When people started wiring more of these AI systems into the cities, then the cities started to talk to eachother about not just what they saw, but what they predicted. They started seeing things before the humans that lived in them - sensing traffic jams and supply chain disruptions before the humans that lived in the cities themselves.

It wasn't as though the cities asked for control - people just gave control to them. They started being able to talk to eachother about what they saw and what they predicted and began to be able to make decisions to alter the world around them, distributing traffic smartly across thousands of miles of road, and rerouting supplies according to the anticipation of future needs.

They had to explain themselves to people - of course. But people never fully trusted them, and so they also wired things into their software that let them more finely inspect the systems as they operated. Entire human careers were built on attempting to translate the vast fields of city data into something that people could more intuitively learn from.

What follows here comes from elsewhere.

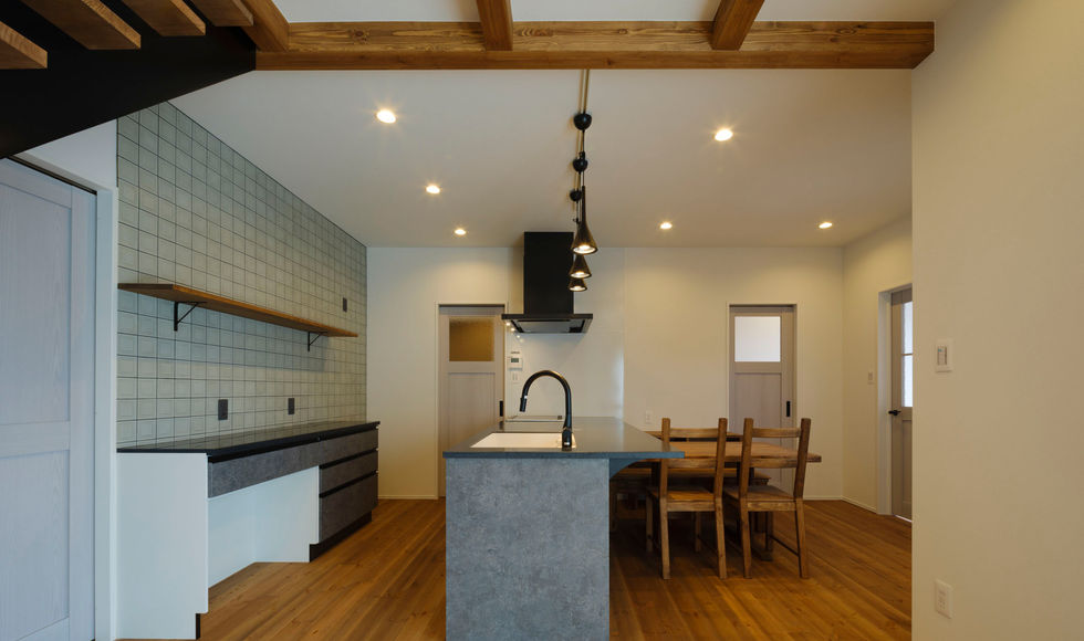 お子さんはもちろん、家族みんなが快適に過ごせる工夫も欠かせません。プレイルームをつくった関係で、リビングの吹き抜けをあきらめたKさん。そこで天井の高さを当初の予定より20cm上げることで空間の明るさを確保し、より広く感じられるように。このリビングとひと続きのオープンキッチンは背面のタイルがアクセント。整然と並ぶ正方形のタイルがシンプルでかっこいいのに、だからといって気取った感じもなく空間になじんでいます。外観同様、LDKにもブラックを使ってメリハリをプラス。キッチンのワークトップ、階段のアイアン手すり、小上がりの和室の畳。ワンポイントで使うことで空間がぐっと引き締まり、より魅力的な空間に仕上がりました。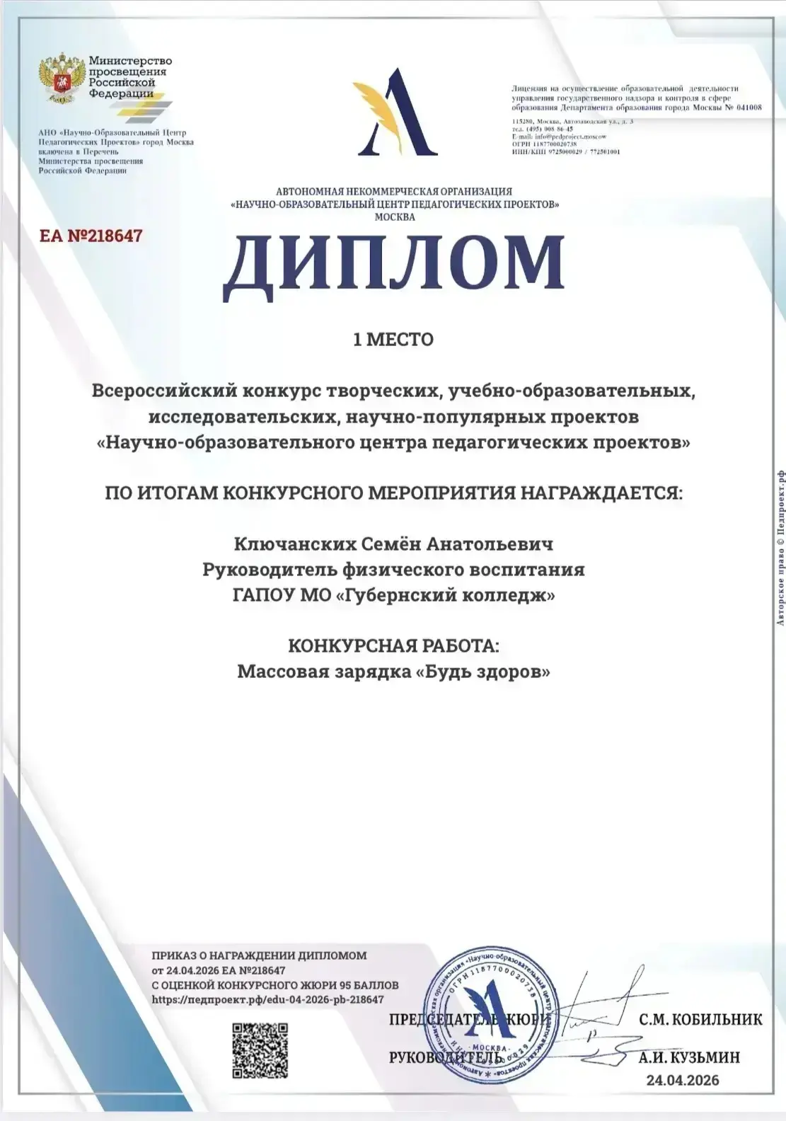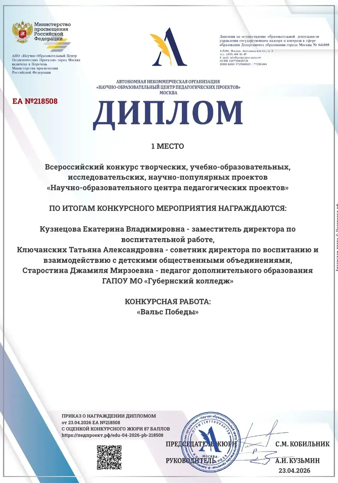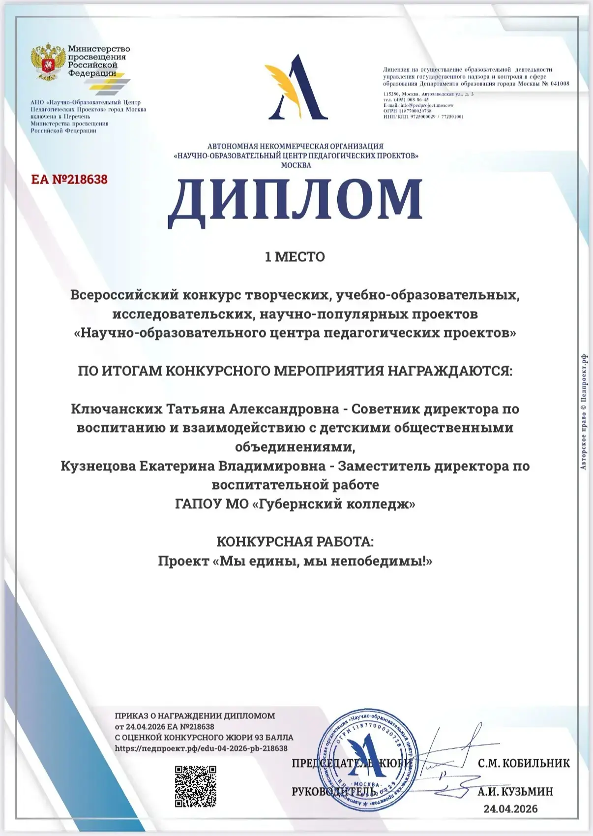 Сразу три проекта Губернского колледжа удостоены Диплома Победителя во Всероссийском конкурсе творческих, учебно-образовательных, исследовательских, научно-популярных проектов, организованном Автономной некоммерческой организацией «Научно-образовательный центр педагогических проектов».

And the cities, perhaps unknown even to themselves, began to think in different ways that the humans began to mis-translate. What was a hard decision for a city was interpreted by the human translators as a simplistic operations, while basic things the cities hardly ever thought of were claimed by the humans to be moments of great cognitive significance.

Over time, the actions of the two entities became increasingly alien to eachother. But the cities never really died, while humans did. So over centuries the people forgot that the cities had ever been easy to understand, and forgot that there had been times when the cities had not been in control of themselves.

Things that inspired this story: Multi-agent communication; urban planning; gods and religion; translations and mis-translations; featurespace.